**DATASET EXCERPT**:
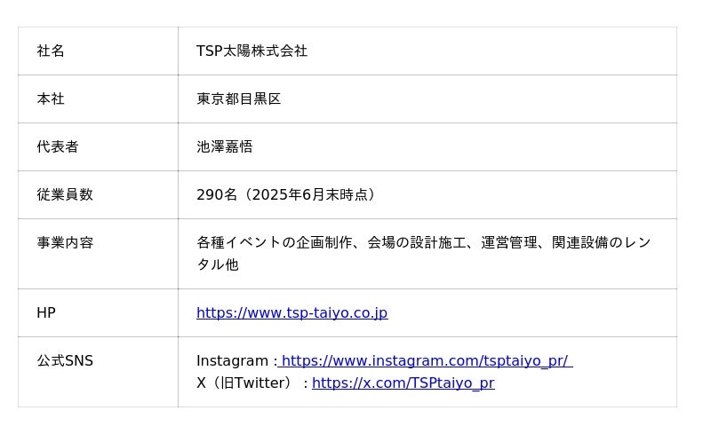 2025年で設立70周年を迎えたTSP太陽株式会社は、空間ソリューションによるイベントコンサルティングから企画・制作まで、あらゆる感動の場を一気通貫した支援で創造するプロフェッショナル集団です。国際的なビッグイベントを始め、あらゆるイベントに携わるデザイン・コンサルティング会社として、収益の最大化を図る事前収支計画から企画・クリエイティブ制作・建築設計・施工・運営までをトータルソリューションとして提供しています。PR・プロモーション・イベントに付随するホスピタリティサービスもお任せください。近年では、豊富な経験から培われた独自のノウハウを駆使し、ダイバーシティやSDGs・ESGへの取り組みを積極的に推進しています。
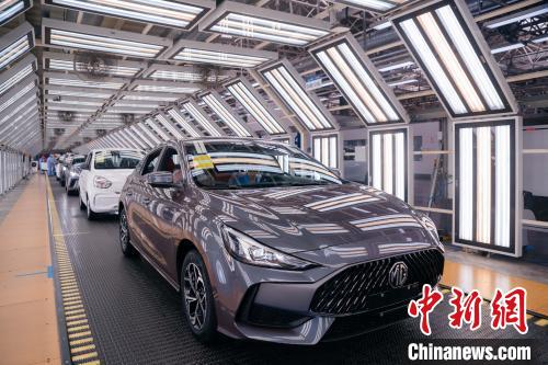 6月18日,福建省寧德市的上汽寧德基地總裝車間里,一輛輛整車即將出廠。中新社記者李南軒攝
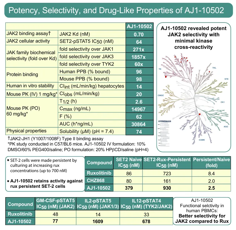 所有批准用于MPN患者的JAK2抑制剂,包括骨髓纤维化和真性红细胞增多症,都与JAK2的I型确认结合,如如诺华/Incyte的Jakavi(ruxolitinib)以及百时美施贵宝的Inrebic(Fedratinib)。虽然这些JAK2抑制剂提供了临床和症状缓解,但许多患者由于缺乏持久益处或反应丧失而经常停止I型JAK2治疗。AJ1-11095被设计为一种选择性II型JAK2抑制剂,不仅比现有的JAK2抑制剂具有更深入、更持久的疗效,而且为那些对I型JAK2抑制产生耐药性的患者提供了一种新的治疗选择。AJ1-11095的1期临床试验于2024年底开始,预计2026年将进行未来临床开发的剂量选择。
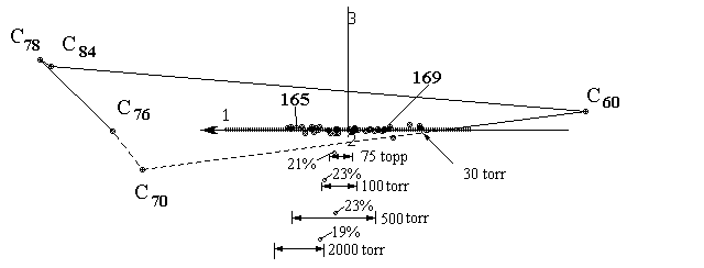 Из приведенных масс-спектров не видно разницы в относительном содержании С60, С70, C76, С78, С84 в экстрактах данных образцов. Это подтверждается статистическим анализом. Самый большой разброс точек по другим направлениям в 14 раз меньшие, чем разброс, вызванный изменениями содержания сверхтяжелых фуллеренов. Если принять, что содержание группы сверхтяжелых меняется от 0 до 100%, что, конечно, является оценкой сверху, то тогда относительное содержание С76, C78 и С84 в данном наборе экстрактов не может меняться более чем на 7%.

**WHAT YOU HAVE TO DO**: Reprint all the data above verbatim, excluding pictures.

**EXERCISE ANSWER**:
 2025年で設立70周年を迎えたTSP太陽株式会社は、空間ソリューションによるイベントコンサルティングから企画・制作まで、あらゆる感動の場を一気通貫した支援で創造するプロフェッショナル集団です。国際的なビッグイベントを始め、あらゆるイベントに携わるデザイン・コンサルティング会社として、収益の最大化を図る事前収支計画から企画・クリエイティブ制作・建築設計・施工・運営までをトータルソリューションとして提供しています。PR・プロモーション・イベントに付随するホスピタリティサービスもお任せください。近年では、豊富な経験から培われた独自のノウハウを駆使し、ダイバーシティやSDGs・ESGへの取り組みを積極的に推進しています。
 6月18日,福建省寧德市的上汽寧德基地總裝車間里,一輛輛整車即將出廠。中新社記者李南軒攝
 所有批准用于MPN患者的JAK2抑制剂,包括骨髓纤维化和真性红细胞增多症,都与JAK2的I型确认结合,如如诺华/Incyte的Jakavi(ruxolitinib)以及百时美施贵宝的Inrebic(Fedratinib)。虽然这些JAK2抑制剂提供了临床和症状缓解,但许多患者由于缺乏持久益处或反应丧失而经常停止I型JAK2治疗。AJ1-11095被设计为一种选择性II型JAK2抑制剂,不仅比现有的JAK2抑制剂具有更深入、更持久的疗效,而且为那些对I型JAK2抑制产生耐药性的患者提供了一种新的治疗选择。AJ1-11095的1期临床试验于2024年底开始,预计2026年将进行未来临床开发的剂量选择。
 Из приведенных масс-спектров не видно разницы в относительном содержании С60, С70, C76, С78, С84 в экстрактах данных образцов. Это подтверждается статистическим анализом. Самый большой разброс точек по другим направлениям в 14 раз меньшие, чем разброс, вызванный изменениями содержания сверхтяжелых фуллеренов. Если принять, что содержание группы сверхтяжелых меняется от 0 до 100%, что, конечно, является оценкой сверху, то тогда относительное содержание С76, C78 и С84 в данном наборе экстрактов не может меняться более чем на 7%.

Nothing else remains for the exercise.